Businesses should do better
Anna Johnston, principal of consultancy Salinger Privacy, said it was “frustrating” that there would be further delays before exemptions are removed but welcomes reforms to the Act.
“In reality, businesses should already be paying more attention to what customer data they’re keeping, and practising better data hygiene in terms of disposing of data as soon as it is no longer needed,” she said.
“The large-scale Optus and Medibank data breaches in late 2022 have shown us all that the privacy damage done by data breaches is unnecessarily made worse if businesses are holding on to personal information well past its use-by date.”
Another potentially contentious element of the Privacy Act review is to protect information that has been inferred or generated from other data, for example through machine learning or data analytics processes.
This is something ACS argued for in its submission to the Attorney General’s Department, but which has been opposed by big tech and social companies including Facebook which tried to argue that inferred data is owned by the company who creates it, not the individual about whom the data was inferred.
Samantha Floreani, Program Lead for Digital Rights Watch, told Information Age expanding the definition to include inferred and generated information is “critical” given the way definitions “act as a gatekeeper” for how privacy legislation is enforced.
“So many platforms’ business models work on inferring from data about their users,” she said, adding that it would be “good” if an updated Privacy Act negatively impacted Facebook.
Floreani said overall she thought the review was “pretty positive” and that she was pleasantly surprised by the inclusion of both a statutory tort and direct right of action that will give individuals a greater ability to fight for their privacy in the courts.
Proposed rights for erasure and de-indexation, which are complex features of the GDPR, were also surprising, if not welcome, inclusions.
Hard not to be cynical
Of course, it’s possible not every proposal will find its way into law and Floreani is reserving her praise until legislation lands.
“This is the third round of public consultation on the same set of issues and a lot of these proposals have been around for a decade,” she said.
“It’s hard not to be cynical about it.
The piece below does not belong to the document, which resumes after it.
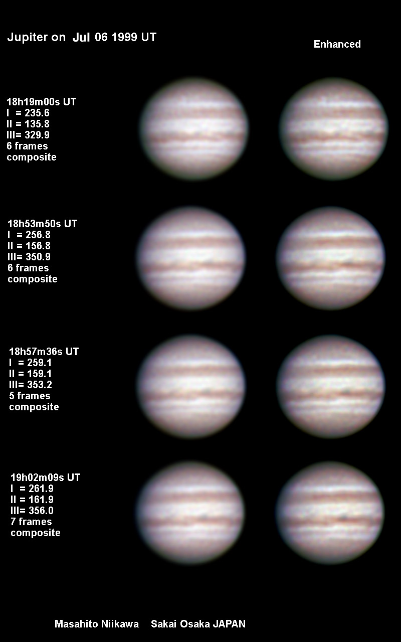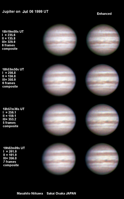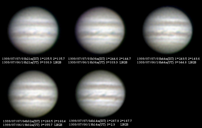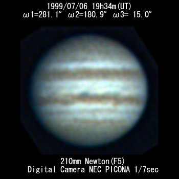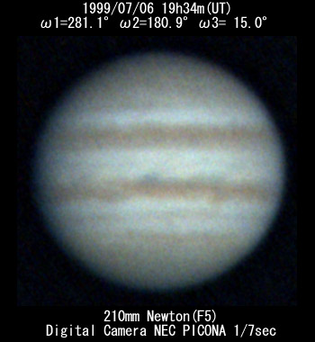 ![]() No. 6 1999/07/06 19:33:36-19:33:48(UT) I=281.1 II=180.9 III= 15.0 210mm Newton(F5) NEC Picona 1/7sec |

Privacy has, for a very long time, been a low priority for the Australian government.”
Justin Warren, managing director of IT consulting firm PivotNine, said it has long felt like the government “will do the right thing on privacy once it has explored every alternative” and said the latest report could just as easily sit on a stack.
“Is our privacy going to be protected or not?” he rhetorically asked Information Age.
“Sure, there’s a regulatory burden on business, but what about the burden placed on individuals who are having their private information scattered all over the internet?”
Warren said it was “excellent” to see the proposed definition of ‘consent’ expanded so that data collection must be done with “voluntary, informed, current, specific, and ambiguous” consent.
He was also heartened by updates to the object of the Act “to recognise the public interest in protecting privacy”.
“Those things together should do a lot to improve the privacy of everyday people and should close some of the loopholes that see rapacious surveillance companies spy on people for profit,” Warren said.
“If Australia wants to remain a liberal democracy, it needs to do liberal democracy things and protecting privacy one of those.”